Os vereadores de Porto Alegre aprovaram nesta quarta-feira, 17, o projeto substitutivo que define normas e procedimentos para o gerenciamento, a destinação e a reciclagem de lixo eletrônico no município. A proposta, de autoria do vereador Toni Proença (PPL), prevê que tanto consumidores, lojistas, fabricantes e o Departamento Municipal de Limpeza Urbana (DMLU) têm responsabilidades sobre a destinação do lixo eletrônico.

Dessa forma, após a utilização do produto, o consumidor deverá disponibilizar os resíduos sólidos para coleta, levando-os até local de recolhimento adequado. O DMLU será responsável por articular com os fabricantes, importadores, revendedores e cooperativas ou organizações não governamentais especializadas a implementação da estrutura necessária à garantia do fluxo de retorno dos resíduos oriundos dos serviços de limpeza urbana. Já revendedores, comerciantes e distribuidores de produtos deverão receber, acondicionar e armazenar temporariamente e de forma segura o lixo eletrônico. Além disso, deverão colocar à disposição do público recipientes de coleta seletiva.
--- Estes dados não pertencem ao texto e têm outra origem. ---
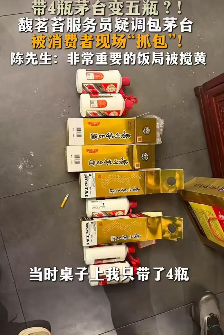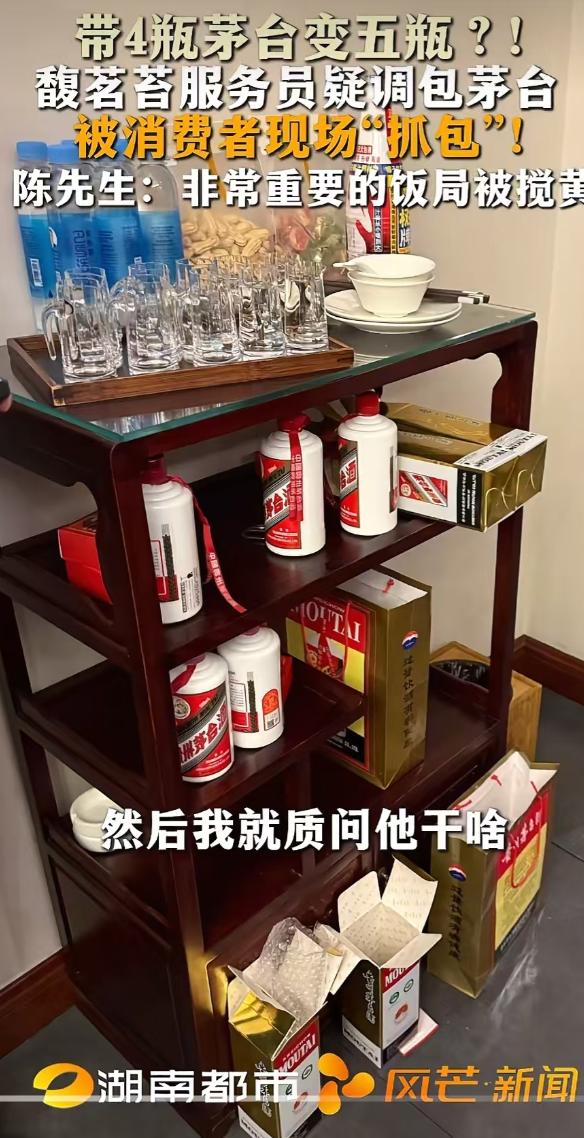 湖南长沙,男子带4四瓶茅台宴请客人,结果发现服务偷偷掉包他的茅台。他质问服务员为什么要这样干?结果服务员转身跑了!男子找到餐馆赔偿,餐馆老板表示服务员是新人,他们也是受害者! 事情发生在11月29日,当事人陈先生是组局的人,既然是商务应酬肯定要重视客人,所以他没让餐馆备酒,自己特意带了4瓶53度的飞天茅台,这酒可不便宜,4瓶加起来市值快一万块了,在酒桌文化里,这带的不光是酒,更是主人的脸面,陈先生本来想着,有好酒陪着这场宴请肯定能顺顺利利的。 可谁也没想到,饭局刚开没多久,负责分酒的那个服务员就透着不对劲,倒酒的时候磨磨蹭蹭,动作不利索也就罢了,还频繁地在包厢里进进出出,一会儿说去拿东西,一会儿又说去催菜,显得特别反常,一开始陈先生和客人都没太当回事,只当是服务员业务不熟练,想着别扫了饭局的兴,就没多说什么。 但陈先生毕竟是组局的,心思比较细,看着服务员一趟趟往外跑,心里渐渐犯了嘀咕。等服务员又一次慢悠悠走进包厢,准备继续倒酒的时候,陈先生起身假装去倒水,特意凑到服务员身边看了一眼,这一看不要紧,当场就火冒三丈,服务员的工作服胸口位置鼓鼓囊囊的,明显藏了东西,看着就不对劲。 陈先生没客气,直接就问对方在干什么,可不管他怎么问,这服务员就跟锯了嘴的闷葫芦似的,低着头一声不吭,陈先生的火气更上来了,耐心也耗没了,直接上手往服务员藏东西的地方一摸,竟然当场从他衣服里掏出了一瓶茅台! 这还不算完,他转头看向桌上,更荒唐的一幕出现了,原本自己带来的4瓶茅台,桌上竟然摆着5瓶,多出来的那瓶一看就不是自己带的,明摆着是被掉包了,至少有两瓶酒已经被换了。 这一下陈先生彻底怒了,好好的宴请被搅成这样,自己的面子也被丢尽了,他当场就要求服务员把餐馆老板喊来对质,必须给个说法,可让人没想到的是,这服务员前一秒还唯唯诺诺的,后一秒趁着要出包厢叫老板的空档,竟然直接脚底抹油,跑了!跑得那叫一个快,等陈先生反应过来追出去,人早就没影了。 服务员一跑整个饭局的气氛瞬间跌到了冰点,本来大家还在开开心心聊天喝酒,经这么一闹,谁还有心思吃饭?桌上的好菜再精致,也变得索然无味。陈先生又气又尴尬,客人也觉得没面子,一场关乎面子和利益的重要商务聚餐,就这么不欢而散了。 气不过的陈先生,转头就找到了这家餐馆的老板肖总,其实陈先生是这家店的常客,跟肖总私下里关系还不错,本来想着熟人熟店肯定放心,没成想偏偏在这儿栽了大跟头。 面对陈先生的问责,肖总一开始也是一肚子委屈,一个劲地解释,说那个跑路的服务员是刚招来的新人,还没过试用期,店里对他的监管确实不到位,自己也是被蒙在鼓里,算是被骗的“受害者”。 可陈先生根本不接受这个说法。在他看来一万块钱的酒虽然不少,但还不是最关键的,关键是这场宴请的客人被怠慢了,这份损失是没法挽回的。 他觉得餐饮企业既然招了员工,就该管好,连员工最基本的廉洁都约束不了,“新人”这两个字根本不能当免死金牌,明显是店里的管理出了漏洞,最后却让顾客来承担后果,这就是信任危机。 好在后来有调解员介入帮着双方协商,这场关于面子和损失的拉锯战才算有了结果,肖总也慢慢意识到了问题的严重性,知道光靠辩解没用,最终拿出了一套还算诚恳的解决方案,不管陈先生带来的那4瓶酒被换成了什么样,是真的还是假的,店里都照单全收,另外肖总一次性赔偿陈先生一万元现金其中多出来的部分,折算成未来的餐费,权当是请陈先生和朋友们再聚一次弥补这次的不愉快。 陈先生也是个讲理的人,见老板不再推诿态度也诚恳,就接受了这个解决方案,至于那几瓶被掉包的酒到底是真茅台还是勾兑的假酒,这时候已经不重要了,这场风波最后算是以商家“花钱买教训”画上了句号,但那个跑掉的服务员,却给餐饮行业的信任度上狠狠划了一刀。 说句实在话不管是不是新人,服务员干出这种掉包客人财物的事都太过分了,而餐馆的管理漏洞也确实存在,不能把责任全推给“新人”。 这事儿也给所有开店的老板提了个醒,员工招聘和监管一定要到位,不然砸的是自己的招牌,也给去外面吃饭的人提了个醒,哪怕是熟人店,贵重物品和自带的东西也得看紧点,免得遇到这种糟心事。

Aos fabricantes e importadores, caberá promover a destinação final ambientalmente adequada dos resíduos sólidos, priorizando sua reciclagem na forma de matérias-primas ou novos produtos.

O projeto também determina que as empresas produtoras e importadoras estabeleçam, no prazo de um ano após a publicação da lei, projeto de logística reversa, coleta e destinação final ambientalmente adequada ou mecanismo de custeio para esse fim. Conforme o vereador Toni Proença, logística reversa é o processo de recolhimento, pós-consumo, dos produtos eletroeletrônicos caracterizados como lixo eletrônico, desde seu consumidor final até a destinação final ambientalmente adequada.

São considerados lixo eletrônico os seguintes itens: componentes e periféricos de computadores, inclusive monitores, impressoras e televisores; lâmpadas fluorescentes, de mercúrio e de sódio; componentes de equipamentos eletroeletrônicos e de uso pessoal que contenham metais pesados ou outras substâncias tóxicas; pilhas e baterias geradoras de energia; aparelhos eletrodomésticos e similares; frascos aerossóis; e outros produtos que contenham mercúrio.